We were greeted by the violent crashing of waves projected onto the walls around us, as if in the middle of a simulated ocean. The museum’s audiovisual intensity was matched only by a narrative message that honored those lost to the sea in the transatlantic slave trade.

As I walked through the museum, it became clear that this journey would have a profound effect on me. That the volume of what I would witness would become so deafening that it could not be drowned out. Much of the trip was like this. Symphonies of knowledge that challenged what I had been taught in my years of schooling – now refusing to be silenced.

As an extension of my project, I created a playlist chronicling what I heard. It includes Civil Rights Movement songs noted by others traveling the trail. Some songs I knew, including  “Strange Fruit,” by Billie Holiday, and some I did not, including “Latter,” by Saulsberry.

I discovered songs echoing from those museum walls.

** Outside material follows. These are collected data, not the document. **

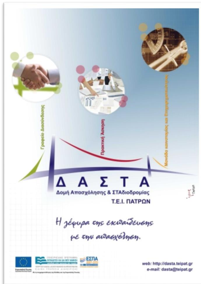
Εικόνα 4. Αφίσα ΔΑΣΤΑ ΤΕΙ Πατρών

Η ίδια φιλοσοφία διέπει και την αφίσα του έργου (Εικόνα 4. Αφίσα ΔΑΣΤΑ ΤΕΙ Πατρών), η οποία περιλαμβάνει επιπλέον το σλόγκαν της Πράξης: «Η γέφυρα της εκπαίδευσης με την απασχόληση».
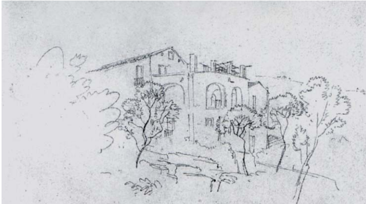
5. K.F. Schinkel, Landbaus in Sorrent , 1824, probabilmente la dépendance del Cocumella.
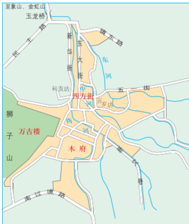
图 2-54 丽江古城平面图
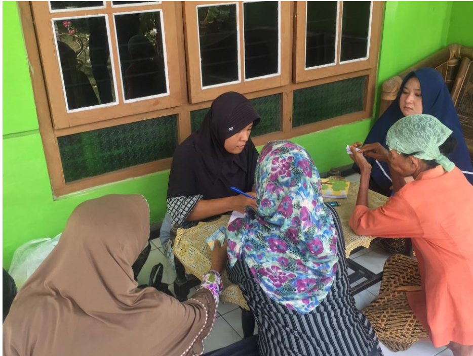
Gambar 1.5 Pelaksanaan Praktik Arisan Bahan Pokok Desa Tulusrejo, Grabag, Purworejo, Jawa Tengah.
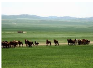
Rivière tamir 📍 38km - ⌚ 6h Vallée d'Agt 📍
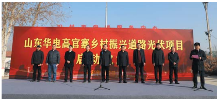
付家村华电乡村振兴道路光伏试点项目启动仪式。

Songs of bondage. Hymns passed down through generations of African American anguish. Collecting what I heard was daunting. There were times the music was too much. Like when facing a holographic woman, frozen behind cold steel bars, whose voice yearned for a place beyond her confinement. Standing before this reanimation stopped me for a while. Her song demanded I bear witness to her sorrow. “Lord, how come me here?” she asked. It’s a question that may never be answered and yet haunts me.

The music at the Delta Blues Museum in Clarksdale, Mississippi, was made by those who answered their own questions. Slaves and sharecroppers used songs to resist their circumstances. They passed the melodies to their descendants who resisted through massive nonviolence. Musicians’ soulful voices guided their truths into the ears of the masses. Sister Rosetta Tharpe, Muddy Waters, B.B. King, etc., all refused to let the reality of their times silence their voices.

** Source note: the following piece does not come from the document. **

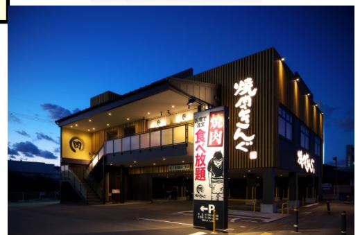
▲郊外大型焼肉店の焼肉きんぐ

外食産業記者会は、平成16年（2004年）の創立25周年を機に記念事業として、表彰制度を創設しました。目的は「外食産業の発展と外食の食文化醸成に寄与する」ことにあります。加盟社の登録記者すべてが参加し、「外食産業界でその年に活躍した人、話題になった人」を毎年選び、それぞれ紙（誌）面を通じて受賞者を報道し、後日、栄えある表彰式を行います。

As we continued along the trail, my playlist expanded, and similarly so did my perspective. My fear of viewing the trail and its history as an outsider faded. My family had adopted this history when they came to America, but it was irrevocably and unmistakably mine. It became so when I checked “Black or African American” on all those standardized tests in my past schools. When, as a girl, I spent summers in Alabama surrounded by good food and my stepfather’s warnings not to make any trouble. When my father told me about his childhood in North Miami, where slurs flew and heat sweltered. When an ex-partner, who is white, told me that his parents would not approve of him bringing a Black girl home. This identity that I had always felt was placed on my shoulders was now worn as a cloak of pride.

The civil rights trail opened both my eyes and ears, its painful history reiterating itself every stop along the way. In the company of my UF classmates and instructors, and those joining us from FAMU, I realized my connection to this history in a space that felt comfortable. I am thankful to have been with a groups of peers who lived this experience with me.

All in all, I believe that music’s ability to establish community is one of its most powerful attributes. From sing-a-longs on the bus to merely listening to shared playlists, our little group of journalists formed a bond built on understanding. I thank this journey for its impact on my life – and for providing the music and leaving it up to me to listen.